▶ PROBLEM TO SOLVE:
Write again exactly the lines in the listing below, starting at the line with "Studio cu vedere" and ending at the line with "反射的にタモ網を被せると、1", both included. Pictures are not copied.

▶ TASK INPUT:
========================

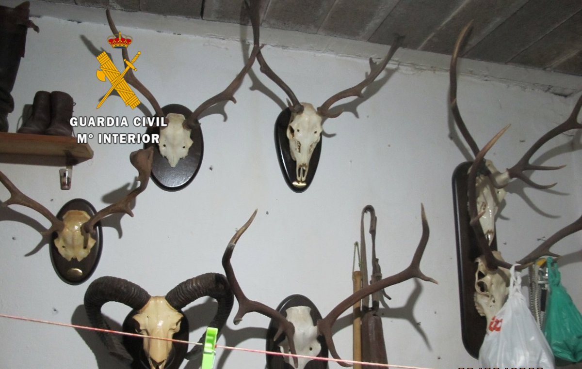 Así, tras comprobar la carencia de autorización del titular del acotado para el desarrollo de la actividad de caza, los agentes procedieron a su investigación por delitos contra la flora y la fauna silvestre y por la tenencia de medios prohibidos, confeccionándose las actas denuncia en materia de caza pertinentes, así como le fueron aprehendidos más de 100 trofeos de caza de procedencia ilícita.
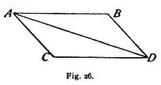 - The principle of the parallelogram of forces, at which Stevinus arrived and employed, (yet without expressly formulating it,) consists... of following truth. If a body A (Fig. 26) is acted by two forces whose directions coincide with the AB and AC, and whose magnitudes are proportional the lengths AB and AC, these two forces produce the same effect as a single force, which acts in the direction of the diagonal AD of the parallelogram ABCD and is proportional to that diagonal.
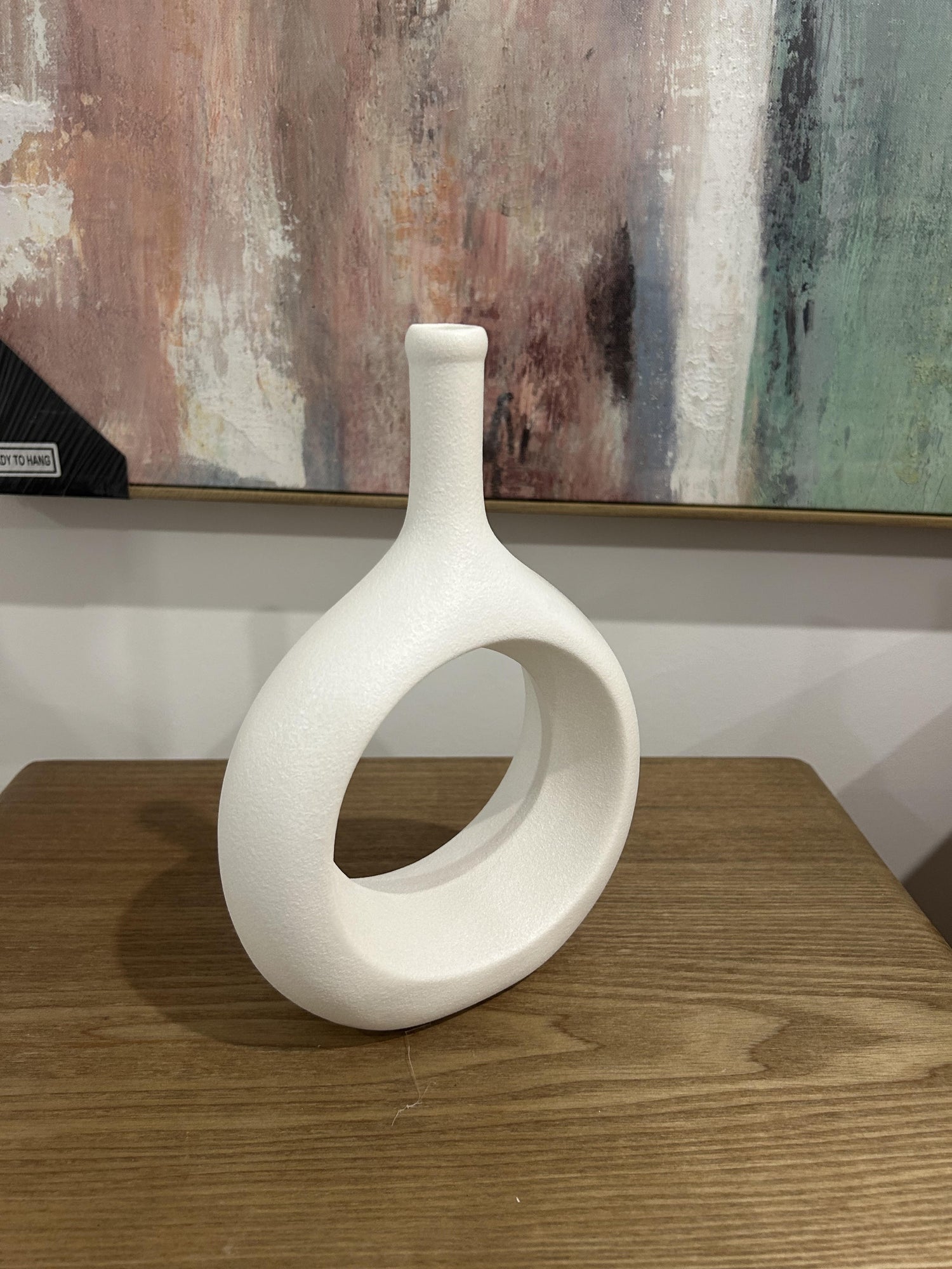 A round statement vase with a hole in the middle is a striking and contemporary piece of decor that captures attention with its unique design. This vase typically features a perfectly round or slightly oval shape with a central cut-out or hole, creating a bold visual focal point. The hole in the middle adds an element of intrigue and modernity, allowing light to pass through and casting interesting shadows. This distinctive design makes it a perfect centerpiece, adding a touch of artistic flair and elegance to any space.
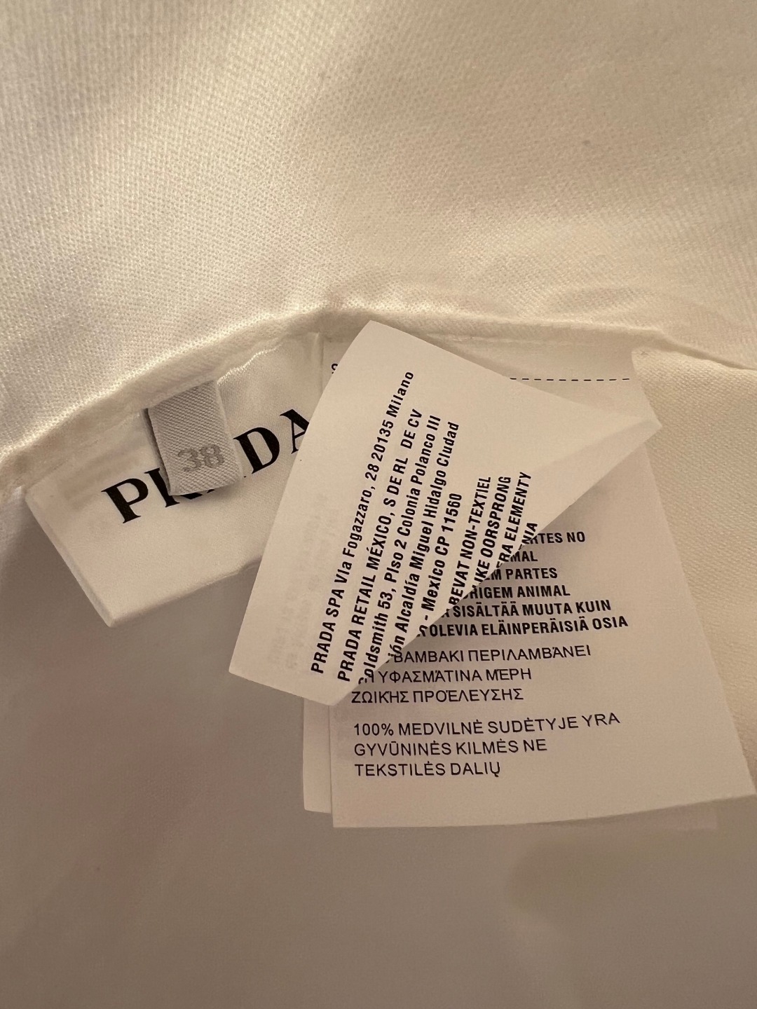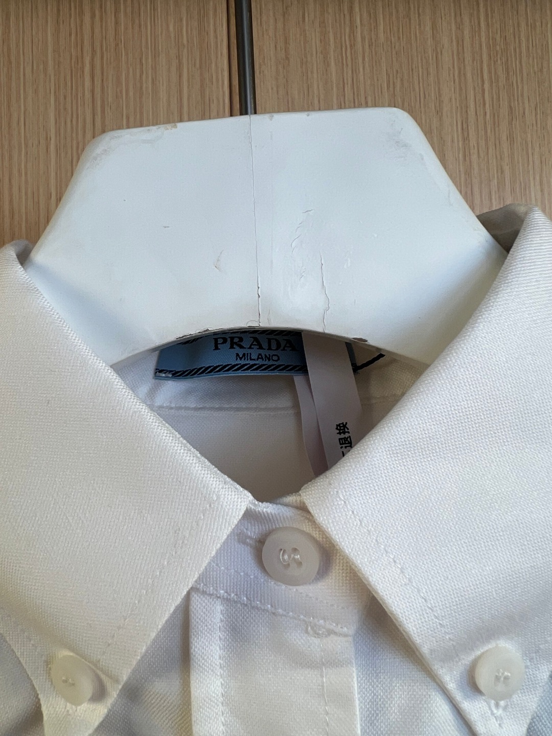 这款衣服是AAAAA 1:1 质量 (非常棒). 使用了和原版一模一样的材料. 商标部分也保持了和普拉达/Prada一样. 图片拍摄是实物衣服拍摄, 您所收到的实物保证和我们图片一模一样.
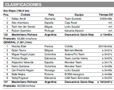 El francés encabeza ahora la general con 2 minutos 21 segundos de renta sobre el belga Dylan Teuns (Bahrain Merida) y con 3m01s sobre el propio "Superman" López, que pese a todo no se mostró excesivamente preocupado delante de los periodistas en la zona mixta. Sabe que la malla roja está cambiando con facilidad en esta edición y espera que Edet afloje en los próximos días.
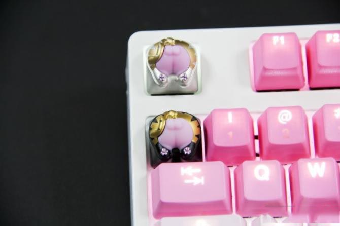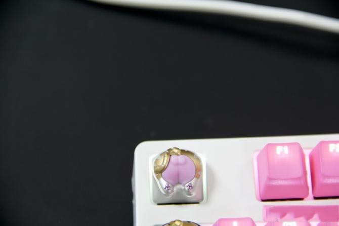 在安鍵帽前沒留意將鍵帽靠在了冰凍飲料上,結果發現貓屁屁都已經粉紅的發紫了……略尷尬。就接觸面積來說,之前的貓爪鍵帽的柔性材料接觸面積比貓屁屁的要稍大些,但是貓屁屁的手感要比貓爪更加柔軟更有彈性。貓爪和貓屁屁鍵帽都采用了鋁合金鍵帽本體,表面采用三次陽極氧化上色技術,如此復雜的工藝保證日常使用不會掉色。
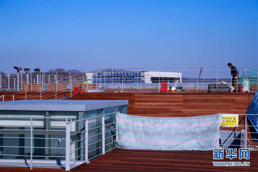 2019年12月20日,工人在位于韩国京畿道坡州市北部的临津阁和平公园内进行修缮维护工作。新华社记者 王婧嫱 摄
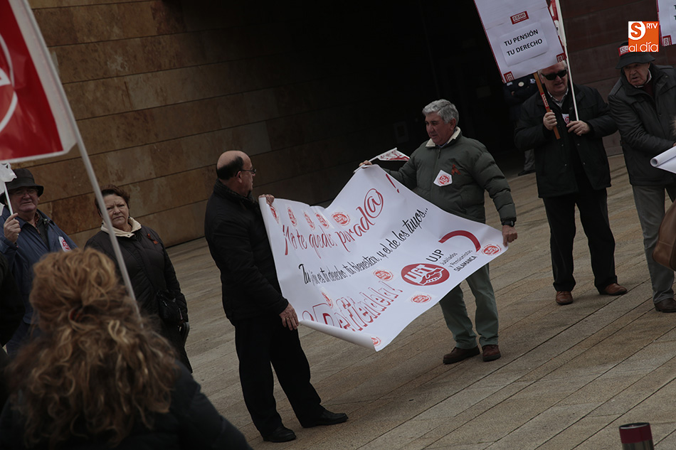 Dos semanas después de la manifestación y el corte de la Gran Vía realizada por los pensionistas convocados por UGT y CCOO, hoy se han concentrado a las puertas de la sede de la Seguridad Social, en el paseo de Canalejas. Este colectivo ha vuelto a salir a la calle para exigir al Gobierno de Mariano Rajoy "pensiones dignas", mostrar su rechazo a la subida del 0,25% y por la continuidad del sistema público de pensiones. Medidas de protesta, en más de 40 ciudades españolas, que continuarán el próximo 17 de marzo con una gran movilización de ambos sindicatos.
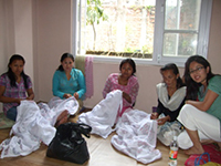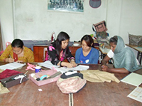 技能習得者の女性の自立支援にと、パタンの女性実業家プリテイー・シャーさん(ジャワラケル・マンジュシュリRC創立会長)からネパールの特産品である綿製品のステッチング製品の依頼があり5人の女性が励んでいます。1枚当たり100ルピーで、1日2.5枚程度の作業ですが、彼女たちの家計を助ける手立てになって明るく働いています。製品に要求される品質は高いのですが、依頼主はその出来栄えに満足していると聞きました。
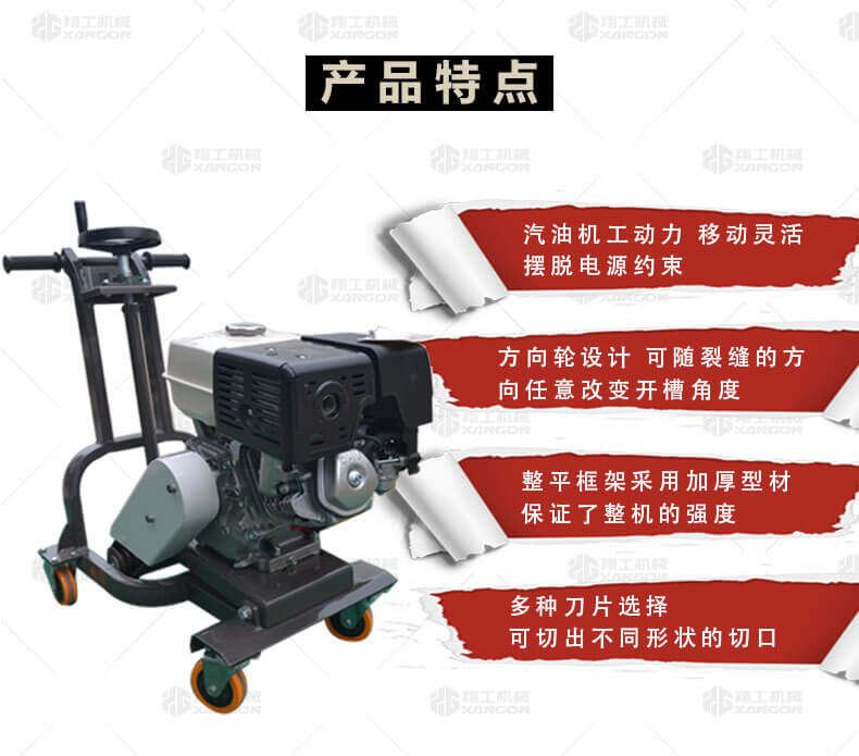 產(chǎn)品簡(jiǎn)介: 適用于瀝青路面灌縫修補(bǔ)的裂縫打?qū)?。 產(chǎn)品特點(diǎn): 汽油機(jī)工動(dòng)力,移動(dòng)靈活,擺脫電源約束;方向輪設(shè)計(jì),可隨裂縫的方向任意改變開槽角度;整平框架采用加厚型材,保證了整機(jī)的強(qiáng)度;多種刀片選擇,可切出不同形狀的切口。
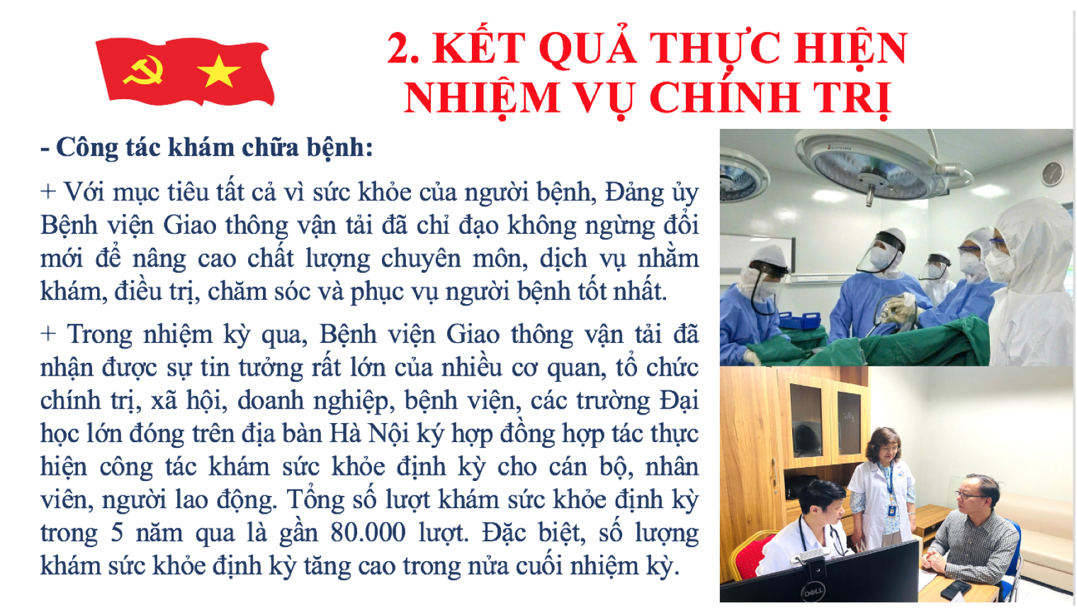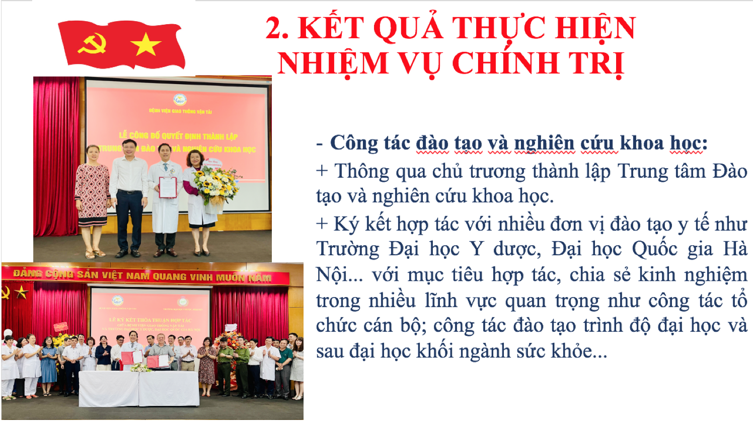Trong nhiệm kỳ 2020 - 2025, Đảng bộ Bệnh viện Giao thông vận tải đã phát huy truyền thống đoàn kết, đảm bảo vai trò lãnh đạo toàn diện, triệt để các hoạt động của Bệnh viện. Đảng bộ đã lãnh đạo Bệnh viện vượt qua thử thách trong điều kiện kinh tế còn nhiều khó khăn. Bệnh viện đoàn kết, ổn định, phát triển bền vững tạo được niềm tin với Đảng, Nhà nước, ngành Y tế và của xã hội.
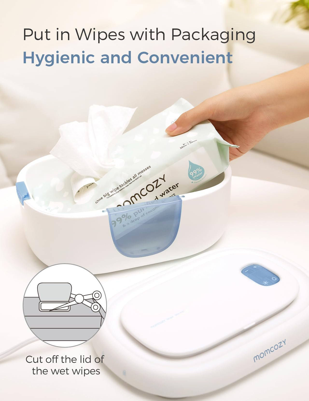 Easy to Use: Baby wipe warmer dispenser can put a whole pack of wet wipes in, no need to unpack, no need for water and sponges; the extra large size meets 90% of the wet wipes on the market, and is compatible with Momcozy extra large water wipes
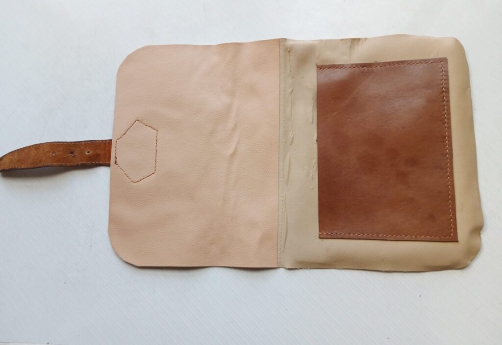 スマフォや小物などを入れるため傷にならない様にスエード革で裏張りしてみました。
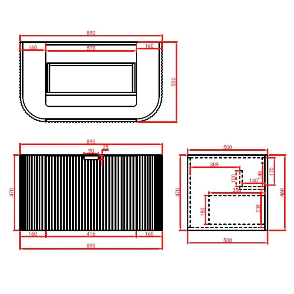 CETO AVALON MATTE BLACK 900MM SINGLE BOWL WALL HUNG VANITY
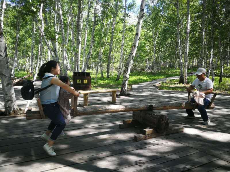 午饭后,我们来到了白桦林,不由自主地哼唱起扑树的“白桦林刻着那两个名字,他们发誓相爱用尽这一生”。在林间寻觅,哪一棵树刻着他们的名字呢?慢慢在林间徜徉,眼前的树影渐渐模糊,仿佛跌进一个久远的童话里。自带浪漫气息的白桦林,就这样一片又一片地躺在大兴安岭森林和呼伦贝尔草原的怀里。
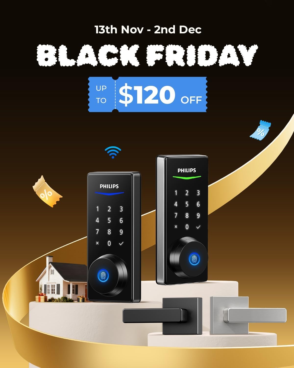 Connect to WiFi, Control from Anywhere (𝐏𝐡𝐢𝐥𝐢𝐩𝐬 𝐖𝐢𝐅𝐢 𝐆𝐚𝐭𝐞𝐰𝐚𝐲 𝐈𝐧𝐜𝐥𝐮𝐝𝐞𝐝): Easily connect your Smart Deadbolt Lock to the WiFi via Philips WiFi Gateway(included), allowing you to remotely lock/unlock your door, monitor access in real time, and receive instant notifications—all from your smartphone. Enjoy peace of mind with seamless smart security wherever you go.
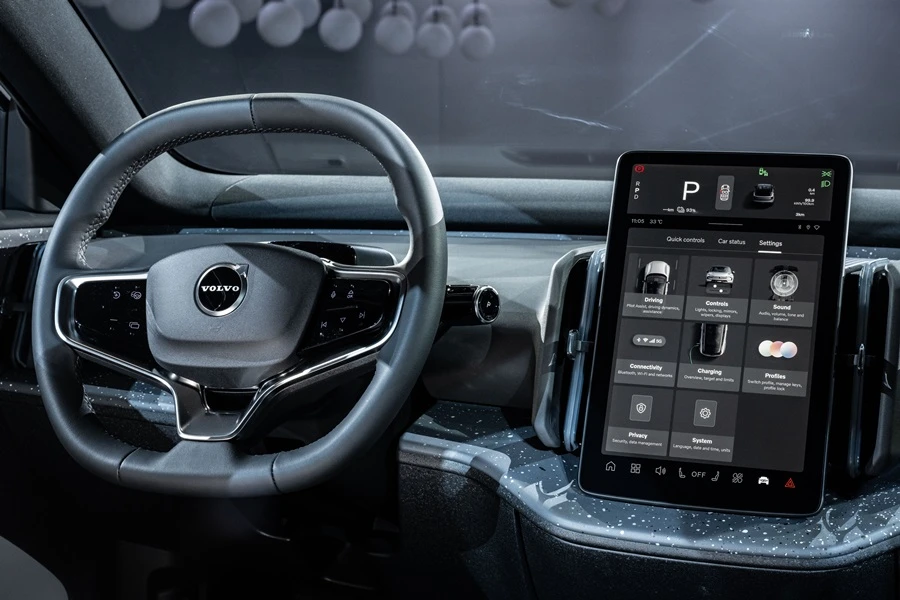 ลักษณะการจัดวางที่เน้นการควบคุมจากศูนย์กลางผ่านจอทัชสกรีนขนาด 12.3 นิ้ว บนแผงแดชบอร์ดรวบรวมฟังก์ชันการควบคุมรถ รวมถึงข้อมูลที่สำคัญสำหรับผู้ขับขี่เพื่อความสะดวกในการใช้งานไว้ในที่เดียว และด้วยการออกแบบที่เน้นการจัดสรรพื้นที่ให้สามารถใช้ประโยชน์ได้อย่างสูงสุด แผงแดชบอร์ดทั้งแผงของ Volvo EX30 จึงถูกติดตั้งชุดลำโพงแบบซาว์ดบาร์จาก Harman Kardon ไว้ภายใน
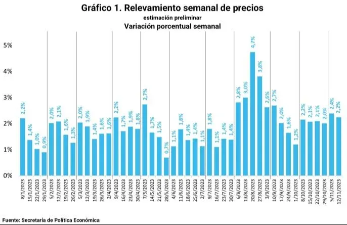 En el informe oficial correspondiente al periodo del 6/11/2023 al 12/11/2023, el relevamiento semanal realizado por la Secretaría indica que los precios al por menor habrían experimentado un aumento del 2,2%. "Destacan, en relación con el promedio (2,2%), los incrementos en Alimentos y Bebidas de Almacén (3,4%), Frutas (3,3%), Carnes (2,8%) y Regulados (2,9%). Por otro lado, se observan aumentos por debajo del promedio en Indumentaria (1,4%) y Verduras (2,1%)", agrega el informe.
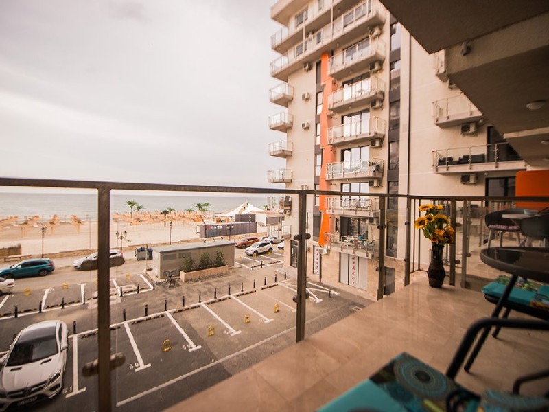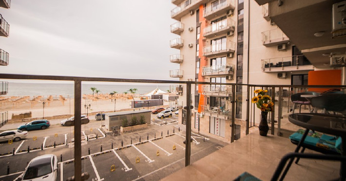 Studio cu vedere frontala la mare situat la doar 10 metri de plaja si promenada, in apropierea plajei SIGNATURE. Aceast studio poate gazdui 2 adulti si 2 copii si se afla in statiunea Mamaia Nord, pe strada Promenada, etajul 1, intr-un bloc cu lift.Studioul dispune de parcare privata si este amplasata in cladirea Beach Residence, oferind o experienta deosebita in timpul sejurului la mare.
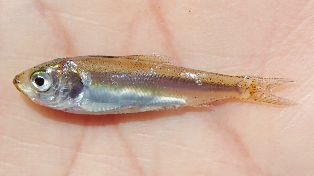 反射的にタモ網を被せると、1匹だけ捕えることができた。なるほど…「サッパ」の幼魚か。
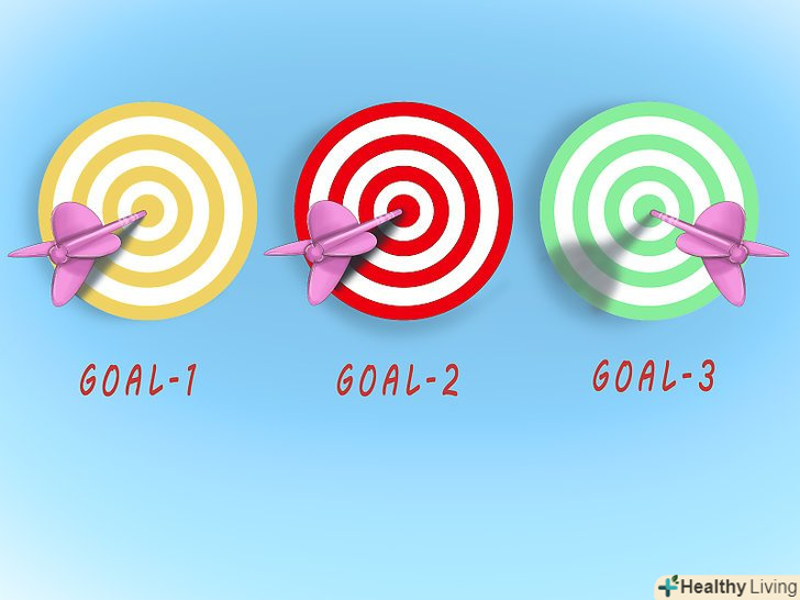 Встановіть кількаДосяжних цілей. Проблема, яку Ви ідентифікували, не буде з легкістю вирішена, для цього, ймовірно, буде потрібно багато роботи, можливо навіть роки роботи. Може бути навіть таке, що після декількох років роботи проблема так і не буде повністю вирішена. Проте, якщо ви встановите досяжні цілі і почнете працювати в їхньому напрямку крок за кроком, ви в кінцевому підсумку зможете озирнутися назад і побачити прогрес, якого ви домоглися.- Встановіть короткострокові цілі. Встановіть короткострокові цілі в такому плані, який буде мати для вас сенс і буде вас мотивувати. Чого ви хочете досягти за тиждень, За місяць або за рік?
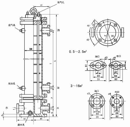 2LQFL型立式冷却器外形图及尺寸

========================

▶ RESPONSE AREA:
 Studio cu vedere frontala la mare situat la doar 10 metri de plaja si promenada, in apropierea plajei SIGNATURE. Aceast studio poate gazdui 2 adulti si 2 copii si se afla in statiunea Mamaia Nord, pe strada Promenada, etajul 1, intr-un bloc cu lift.Studioul dispune de parcare privata si este amplasata in cladirea Beach Residence, oferind o experienta deosebita in timpul sejurului la mare.
 反射的にタモ網を被せると、1匹だけ捕えることができた。なるほど…「サッパ」の幼魚か。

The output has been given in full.